Dominika LETKOVÁ will defend her PhD in Biology, prepared under the supervision of Kiran PADMANABHAN.

Abstract

In mammals, robust circadian clocks coordinate gene-expression programs in a tissue-specific manner. Rhythmic binding of the core-clock transcription factors (TF) BMAL1-CLOCK on chromatin results in a ‘day to night’ dynamics in chromatin states and in turn, ~10-15% of transcriptome in every tissue is cycling. In order to allow BMAL1-CLOCK rhythmic binding at ‘specific time and place’ on the genome, chromatin has to be accessible and such dynamic changes in chromatin states epigenetically encoded. Therefore, how chromatin architecture gets reorganized upon BMAL1-CLOCK binding, remains an active field of research.

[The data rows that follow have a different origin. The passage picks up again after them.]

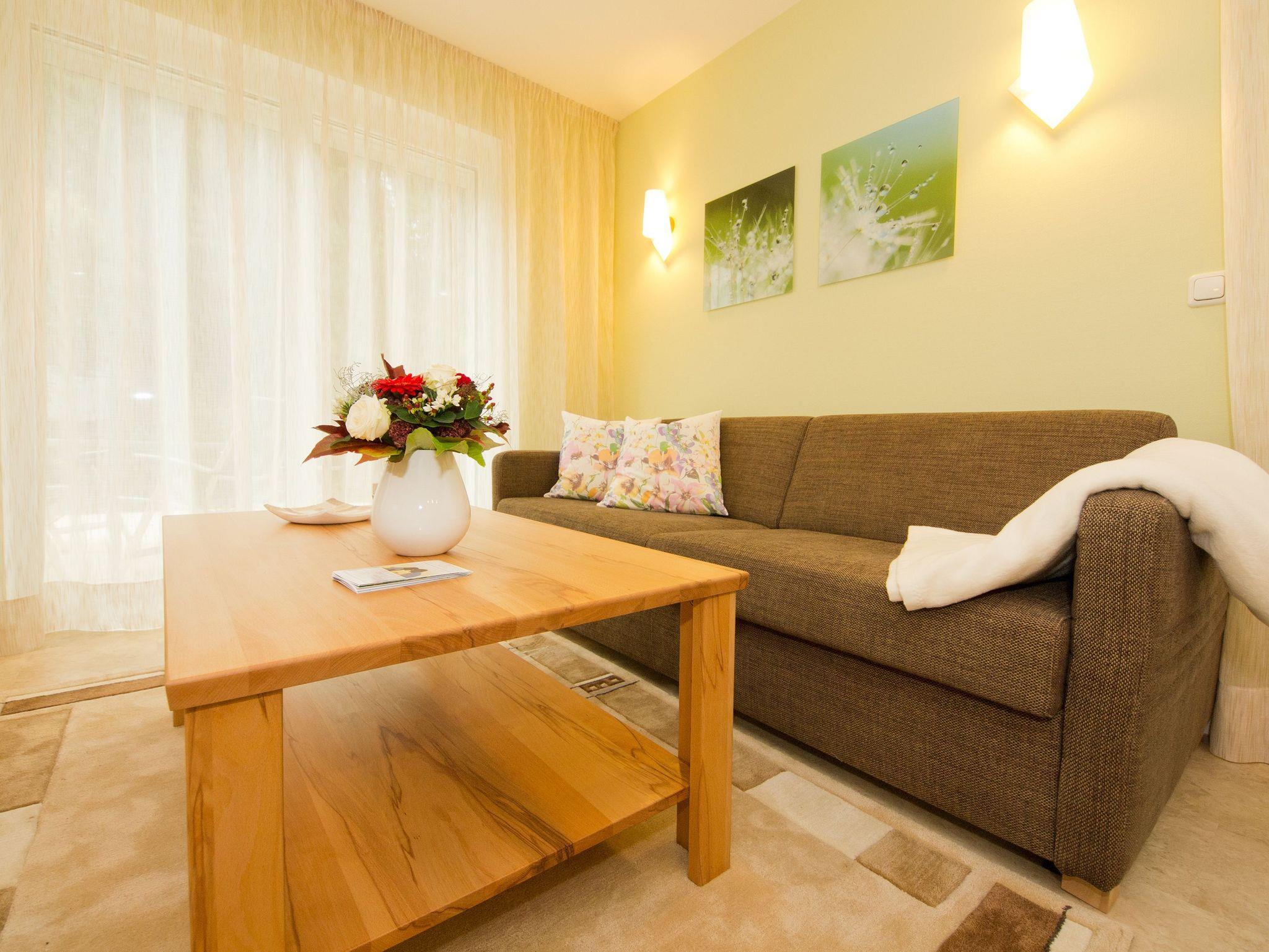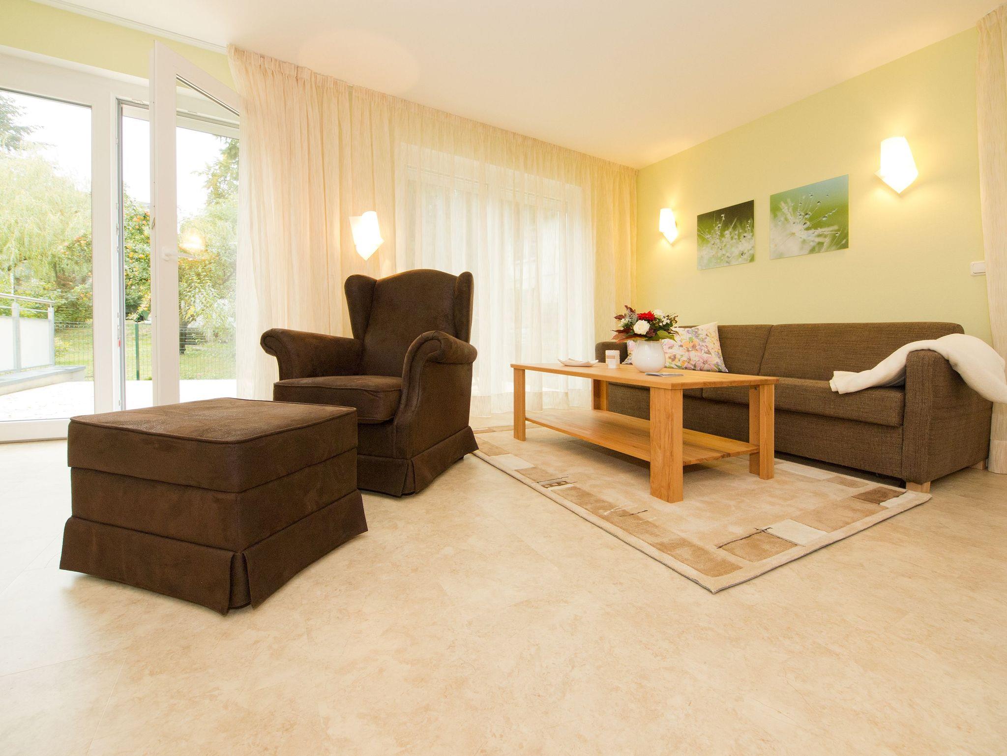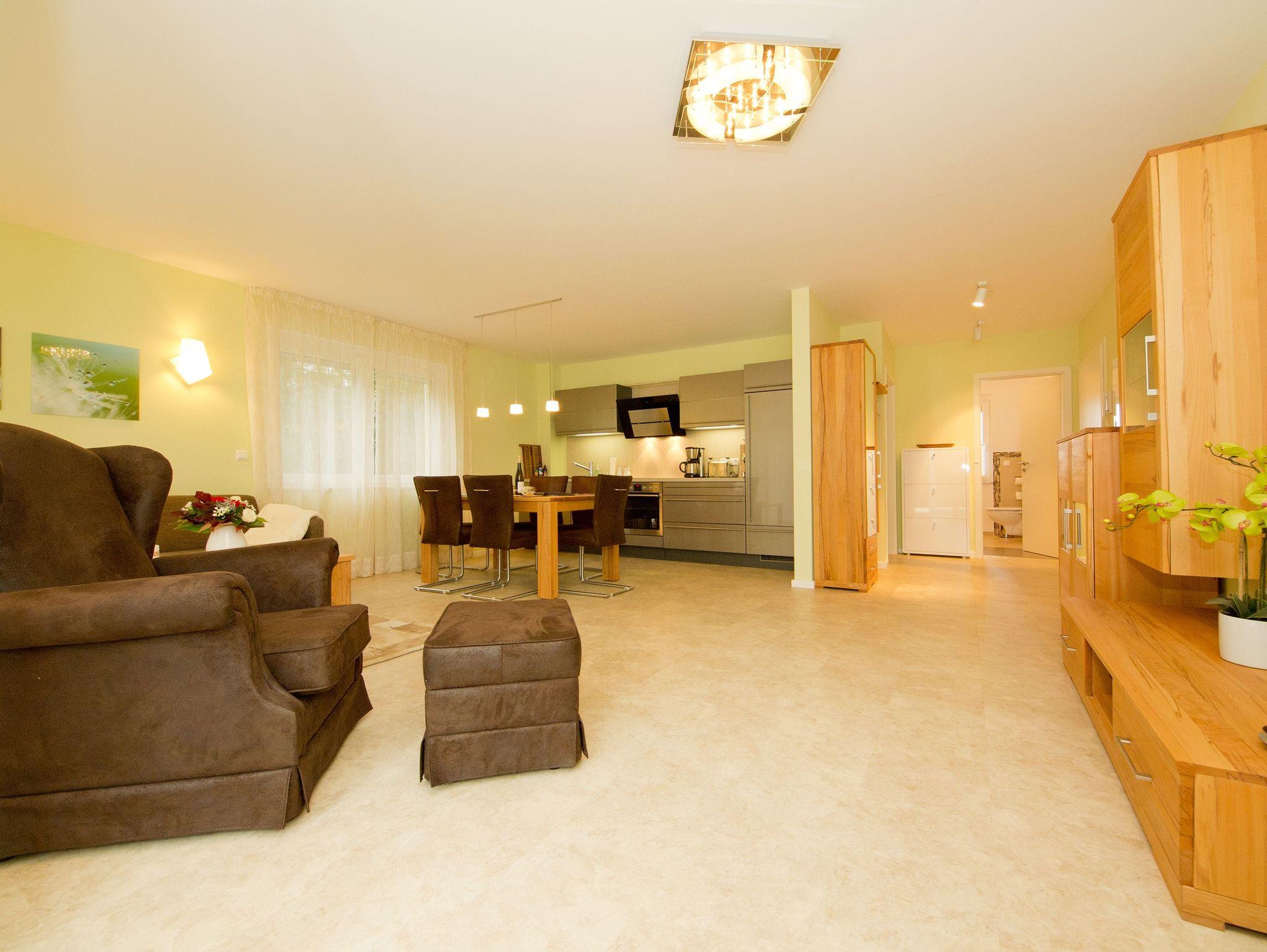 Kuschelig, gemütlich und einfach zum Wohlfühlen ist dieses 54 Quadratmeter große Urlaubsreich für zwei Personen. Das 2-Zimmer-Appartement hat alles zu bieten, was man sich für eine entspannte Auszeit nur wünschen kann. Nicht nur, dass das geräumige Wohnzimmer mit komfortablen Relax-Zonen aufwartet. Eine 40 Quadratmeter große Terrasse wird zum Sonnendeck und ein weiterer Balkon vor dem Schlafzimmer sorgt schon direkt nach dem Aufwachen für den besten ersten Gang, den man im Urlaub machen kann. Denn mit frischer Ostseeluft in der Nase startet der Tag doch perfekt. Das Wohnzimmer ist so großzügig geschnitten, dass es auch einem schönen Esstisch Platz bietet. Prasselnd verlockt das Flammenspiel im Kaminofen dazu, auf dem Sofa oder dem Sessel zu träumen. Schlechtes Wetter oder kühle Abende werden so zu Kuschelauszeiten. Die Küche ? offen und mit allem ausgestattet ? schließt sich direkt an. Ob Kühlschrank, Spülmaschine, Toaster, Kaffeemaschine: Hier fehlt es an nichts. Auch nicht an schönem Geschirr. Das Schlafzimmer bietet für erholsame Nachtstunden ein bequemes Doppelbett und einen Flat-TV. Ein großer Spiegelschrank hält viele Ablageflächen für die Urlaubsgarderobe bereit. Das Badezimmer ist modern und schick. Es verfügt über eine breite und ebenerdige Dusche, WC und einen Waschtisch. Handtücher liegen bereit und auch die Betten sind natürlich bei Anreise schon bezogen. So dass Sie sich um nichts mehr sorgen müssen. Das WLAN ist kostenfrei und in der Tiefgarage befindet sich für Ihr Auto ein Stellplatz.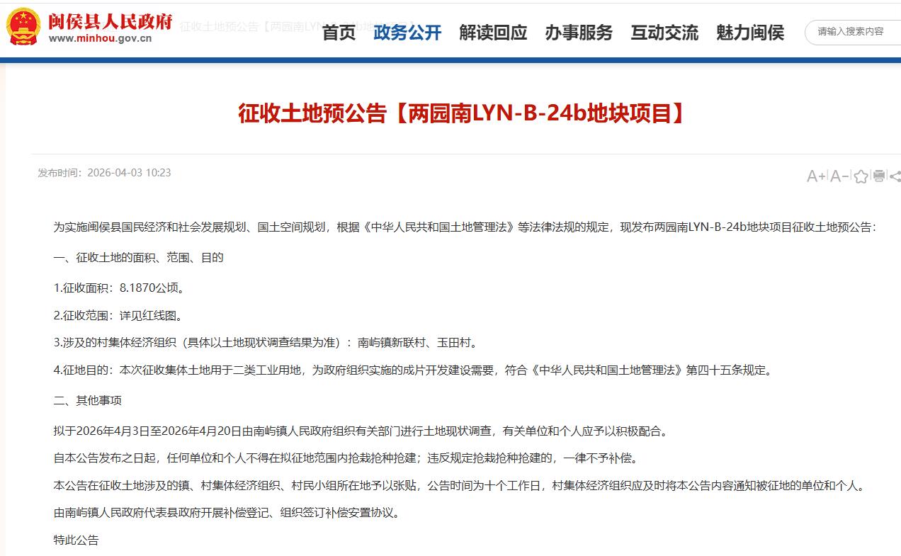 为实施闽侯县国民经济和社会发展规划、国土空间规划,根据《中华人民共和国土地管理法》等法律法规的规定,现发布两园南LYN-B-24b地块项目征收土地预公告: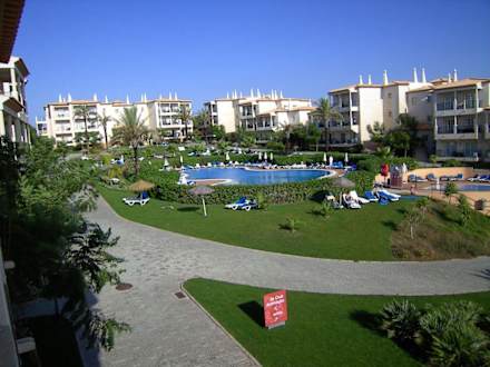 Blick vom Balkon auf die Poolanlage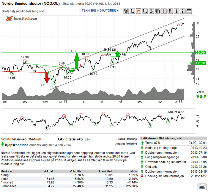 Analysen er «Dagens gratisanalyse» fra Investtechs hjemmesider. Nordic Semiconductor (NOD) frem til 4. februar 2014: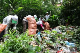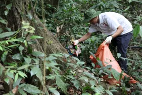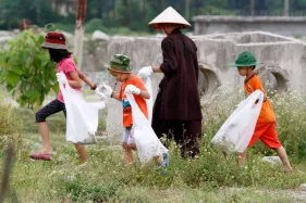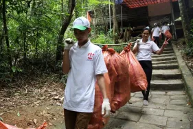 Các bạn trẻ nhặt rác tại Tây Thiên

Over the past decades, it has been shown that circadian clock machinery is tightly linked with dynamics in chromatin landscapes. Deposition of epigenetic marks, such as acetylation or methylation of histone proteins, nucleosome remodeling and circadian gene expression are closely coordinated. Core-clock factors are directly involved in the recruitment of chromatin-modifying enzymes and deposition of epigenetic signatures, including histone variants, such as H2A variant, H2A.Z. Dynamic incorporation and/or eviction of H2A.Z within nucleosomes near transcription start sites (TSS) is highly concomitant with incorporation of the H3 histone variant, H3.3. In dividing cells, it has been shown that H3.3/H2A.Z histone variants are incorporated within the same nucleosomes at promoters and TSS, generating extremely labile, easily removable dual-variant nucleosomes. Nevertheless, while H2A.Z role in 24hr rhythms and chromatin dynamics is well established across species, the role of H3.3 in clock function remains unknown.

Therefore, we aimed to study the link between the histone variant H3.3 and the molecular machinery of mammalian circadian clocks. In other words, how could H3.3 nucleosomes shape the chromatin architecture to contribute to 24hr transcriptional dynamics in close connection with circadian core-clock regulators in murine tissues, such as liver. Purification of specific H3.3 liver protein complexes over circadian time allowed us to identify dynamic assembly of PBAF/cBAF chromatin remodelers with the core-clock TF BMAL1 on H3.3 variant chromatin. We found that H3.3 deposition is cycling over time, and PBAF/cBAF-BMAL1 assemble on dynamic H3.3 nucleosomes marked with specific epigenetic marks such as H3K115ac and H3K122ac, resulting in their fragility. Furthermore, circadian clock disruption (Per knock-out mouse models) results in a higher loading of H3.3 on chromatin and maintenance of fragile H3.3 ‘day-time-like’ epigenetic landscapes. Moreover, near-total depletion of ARID2 and BRG1 shared ATPase subunits respectively lead to disassembly of PBAF and reorganization of cBAF chromatin remodelers, followed by a ‘switch’ to cBAF/BRM complexes. In addition, the absence of circadian feedback results in increased BMAL1 binding on chromatin due to the higher accessibility of BMAL1-CLOCK binding sites. All of these events highlight a permanently active ‘day-time like’ chromatin state upon circadian disruption, implicating H3.3.

Last, but not least, circadian disruption is implicated in several disorders such as metabolic syndrome and sleep loss, neurodegenerative diseases and cancer, all of which have a strong epigenetic component, including mutations in H3.3 and chromatin remodelers. Better understanding of the physiological link between chromatin dynamics and circadian transcription would allow better understanding of disease development and its progression, as well as an aid in the development of novel therapeutic approaches.